I'm afraid I don't know any more than you do here.

Well, this currently is the code for get_text_range():

def get_text_range(self, index=0, count=-1, errors="ignore"):
    
    if count == -1:
        count = self.count_chars() - index
    
    n_bytes = count * 2
    buffer = ctypes.create_string_buffer(n_bytes+2)
    buffer_ptr = ctypes.cast(buffer, ctypes.POINTER(ctypes.c_ushort))
    
    pdfium_c.FPDFText_GetText(self, index, count, buffer_ptr)
    return buffer.raw[:n_bytes].decode("utf-16-le", errors=errors)

What catches the eye is that we don't handle the return of FPDFText_GetText(), but rely entirely on the count * 2.
(Unlike many other APIs, FPDFText_GetText() can't be called with a NULL buffer to get the size first.)
However, I guess we should use the exact return from FPDFText_GetText() when slicing the buffer (and probably add some check, too - CC #208). The trailing null char looks a bit odd, like the actual number of bytes written to the buffer might be 2 less than calculated.
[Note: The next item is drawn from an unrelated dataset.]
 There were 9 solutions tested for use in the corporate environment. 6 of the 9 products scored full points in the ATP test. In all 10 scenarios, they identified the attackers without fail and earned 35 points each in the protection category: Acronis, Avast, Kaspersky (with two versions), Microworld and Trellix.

mara004 · 2023-09-21T12:55:22Z

However, I guess we should use the exact return from FPDFText_GetText() when slicing the buffer

I pushed commit a9c6485 which (I think) should fix the trailing null char part of the issue in accordance with the hypothesis above.
(Sorry for the accidental close, GH doesn't understand "Partially fix" correctly.)
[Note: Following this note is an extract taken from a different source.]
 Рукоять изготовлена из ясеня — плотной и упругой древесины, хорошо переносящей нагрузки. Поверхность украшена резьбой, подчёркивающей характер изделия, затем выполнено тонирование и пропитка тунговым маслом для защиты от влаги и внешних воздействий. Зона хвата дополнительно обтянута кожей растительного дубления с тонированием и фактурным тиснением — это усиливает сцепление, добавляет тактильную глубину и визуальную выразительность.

mara004 · 2023-09-21T13:10:16Z

Continuing on this, I made the following observation:

>>> import pypdfium2.raw as pdfium_c
>>> pdfium_c.FPDFText_GetTextIndexFromCharIndex(textpage, 3400-2)
3398
>>> pdfium_c.FPDFText_GetTextIndexFromCharIndex(textpage, 3400-1)
-1
>>> pdfium_c.FPDFText_GetTextIndexFromCharIndex(textpage, 3400)
3399

It looks like you've found the sample for https://groups.google.com/g/pdfium/c/LNkXslbSRPY 😅

mara004 · 2023-09-21T14:07:15Z

Putting the clues together, I think we need to use FPDFText_GetTextIndexFromCharIndex() to get the exact required buffer size to fix this correctly, not just working around a too large buffer. I will push a commit shortly.
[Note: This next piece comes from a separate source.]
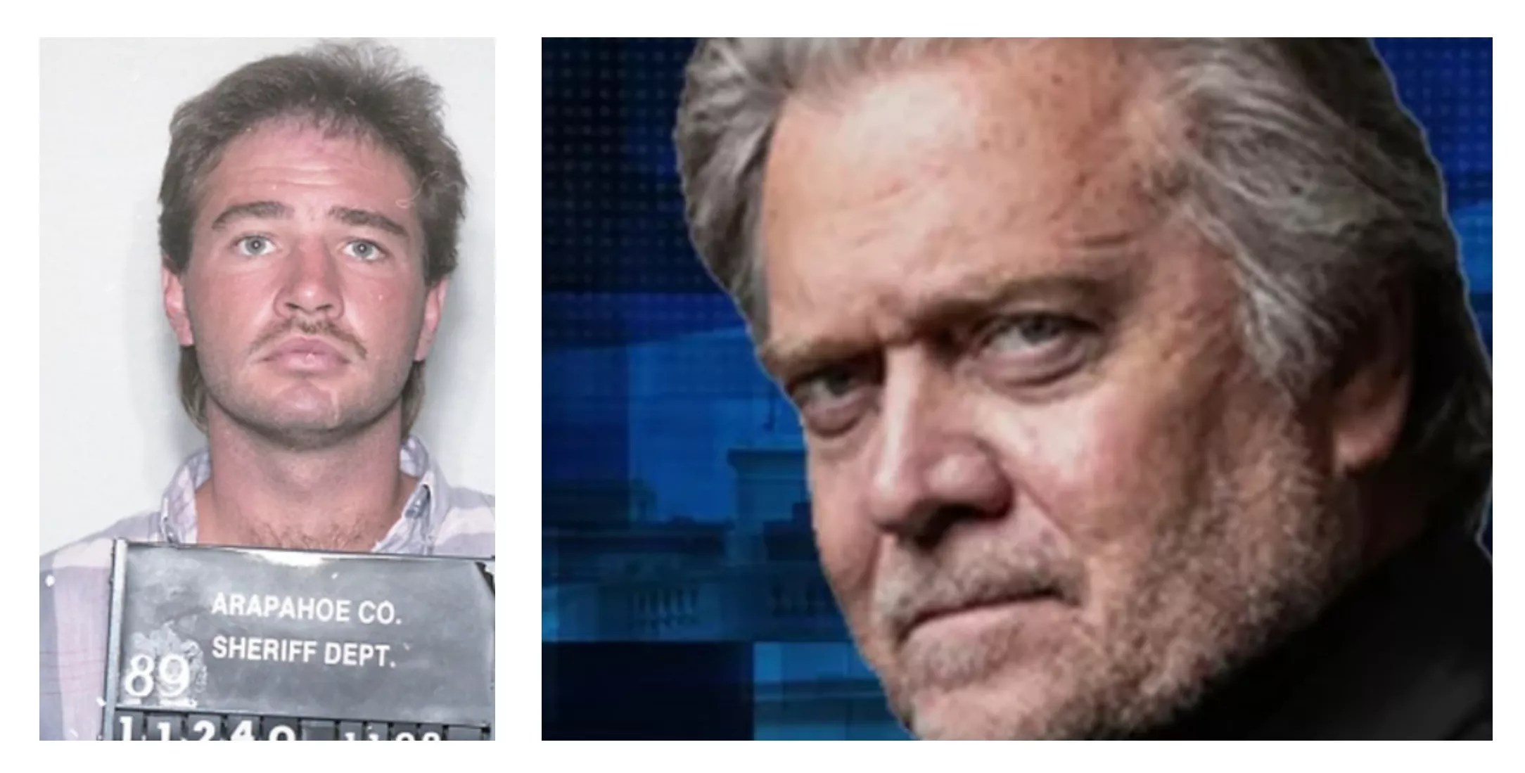 A vintage mug shot of Robert Sigg and a portrait of Steve Bannon on the Real America's Voice website.

Thank you for reporting this, that was very helpful!

@nikitar

Thanks to @nikitar (Nikita Rybak)

mara004 · 2023-09-21T14:55:56Z

However, unfortunately that commit was not correct. I'll continue to investigate:

>>> textpage.get_text_range(3400-2, 2)
Traceback (most recent call last):
  File "<stdin>", line 1, in <module>
  File ".../pypdfium2/_helpers/textpage.py", line 65, in get_text_range
    assert in_size == out_size
           ^^^^^^^^^^^^^^^^^^^
AssertionError

nikitar · 2023-09-21T15:03:14Z

Thank you for looking into this! I've created a ticket with pdfium, in case they might have more information. (I'm hoping they'll still classify it as a bug, as constantly converting from one indexing scheme to another is bound to be annoying)

Finally try to fix it properly.

mara004 · 2023-09-21T17:39:21Z

I think I've finally got get_text_range() correct with commit 535398d, but this was fairly complicated.
(Commit 71bdc71 was wrong and is now reverted.)

Now I get this, which should be correct:

>>> textpage.get_text_range(3398, 1)
'z'
>>> textpage.get_text_range(3399, 1)
''
>>> textpage.get_text_range(3400, 1)
'\r'
>>> textpage.get_text_range(3398, 2)
'z'
>>> textpage.get_text_range(3399, 2)
'\r'
>>> textpage.get_text_range(3398, 3)
'z\r'

Char 3399 is "passive", i.e. it exists in the internal character list but is excluded from the FPDFText_GetText() output.
In this light, you simply cannot expect calls like get_text_range(index-1, 2)[1] to work in the general case, e.g. get_text_range(3399, 2)[1] on the given PDF would now raise an index error, which is correct.
That's just how the API is, FPDFText_GetText() may exclude or insert characters, so the returned text's length does not have to match the given count, even if it may for most PDFs.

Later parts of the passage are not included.